Abstract

Noninferiority trials are becoming more common. Their design often requires investigators to "trade" a secondary benefit for efficacy. Use of mortality as an outcome of interest leads to important ethical conflicts whereby researchers must establish a minimal clinically important difference for mortality, a process which has the potential to result in problematic conclusions. We sought to investigate the frequency of the use of mortality as an outcome in noninferiority trials, as well as to determine the average pre-specified noninferiority ("delta") values. We searched MEDLINE for reports of parallel-group randomized controlled noninferiority trials published in five high-impact general medical journals.

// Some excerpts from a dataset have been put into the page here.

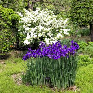 広い畑の続く道、 畑の横に素敵なスペース。 オオデマリの前は、 カキツバタでしょうか?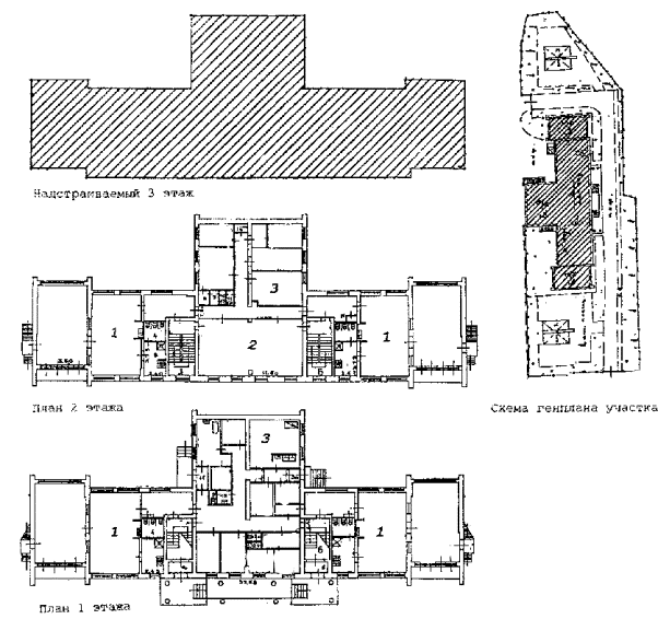 здания предполагает надстройку третьего этажа над двухэтажными блоками с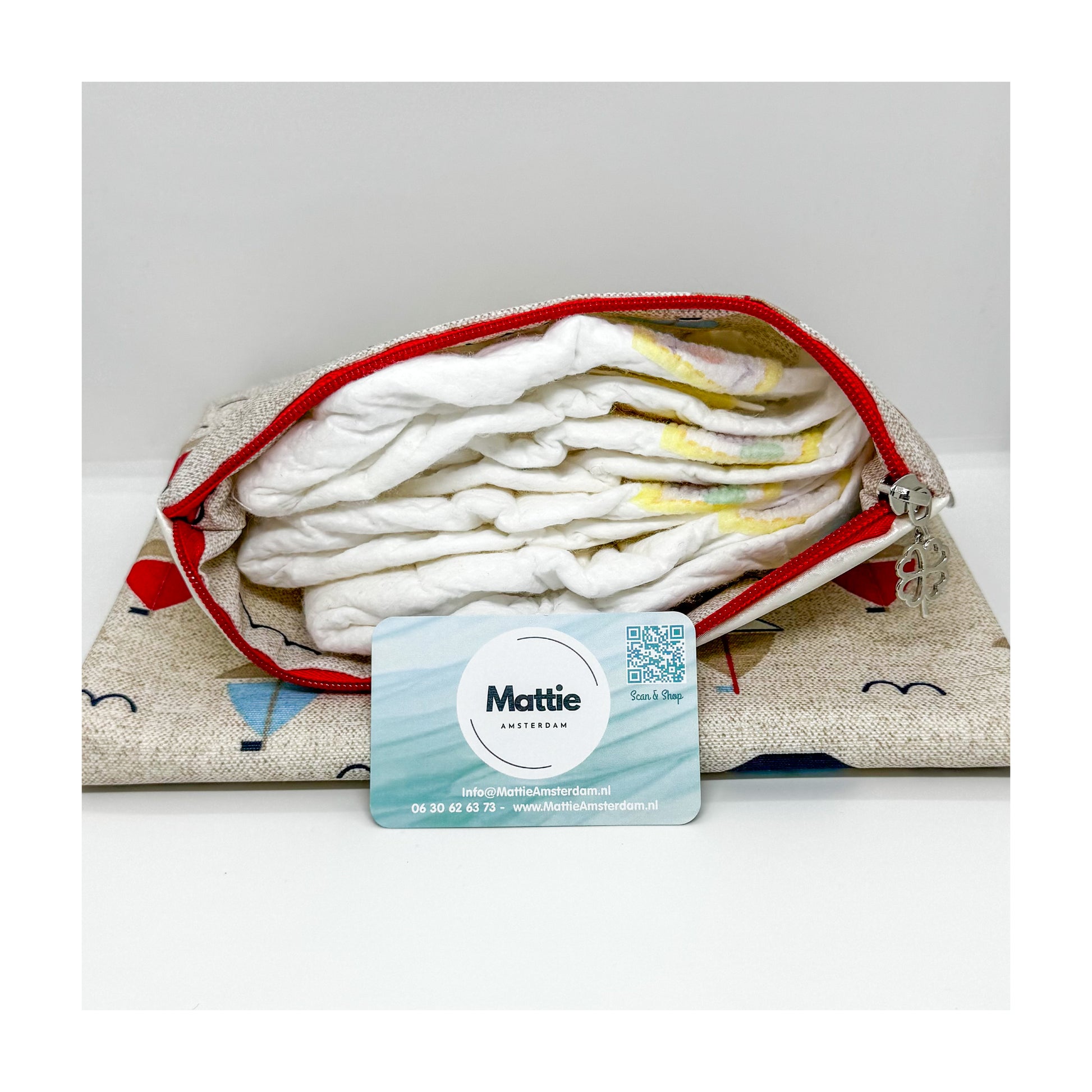 - Wanneer gevuld, dient het luierzakje ook als kussentje als het kindje erop ligt.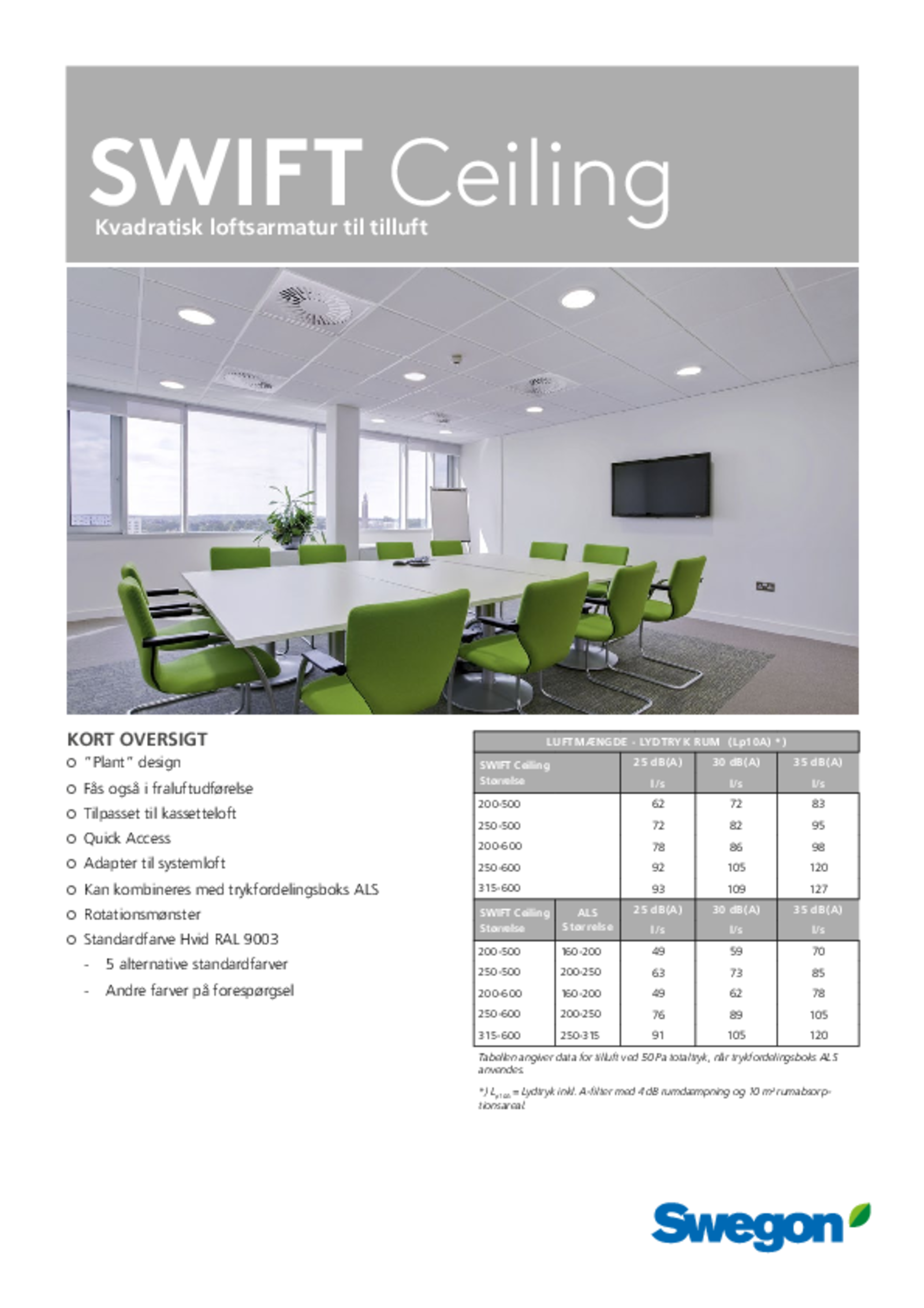 | SWIFT Ceiling Størrelse |  l/s | |||

Data abstracted from articles including trial design parameters, results, and interpretation of results based on CONSORT recommendations. One hundred seventy-three manuscripts reporting 196 noninferiority comparisons were included in our analysis. Of these, over a third (67 trials) used mortality either as their sole endpoint (11 trials) or as part of a composite endpoint (56 trials). Nine trials were consort A, 21 trials consort B, 19 trials consort C, 12 were consort F, 4 consort G, and 2 were consort H. Four analyses showed statistically significant more deaths in the new treatment arm, while meeting consort criteria as "inconclusive" (consort G), (Behringer et al. in Lancet. 385(9976):1418-1427, 2015; Kaul et al. in N Engl J Med. 373(18):1709-1719, 2015; Bwakura-Dangarembizi et al. in N Engl J Med. 370(1):41-53, 2014) and thirteen trials utilizing mortality as an endpoint and had an absolute increase of > 3%, and six had an absolute increase of > 5%. The use of mortality as an outcome in noninferiority trials is not rare and scenarios where the new treatment is statistically worse, but a conclusion of noninferiority or inconclusive do occur. We highlight these issues and propose simple steps to reduce the risk of ethically dubious conclusions.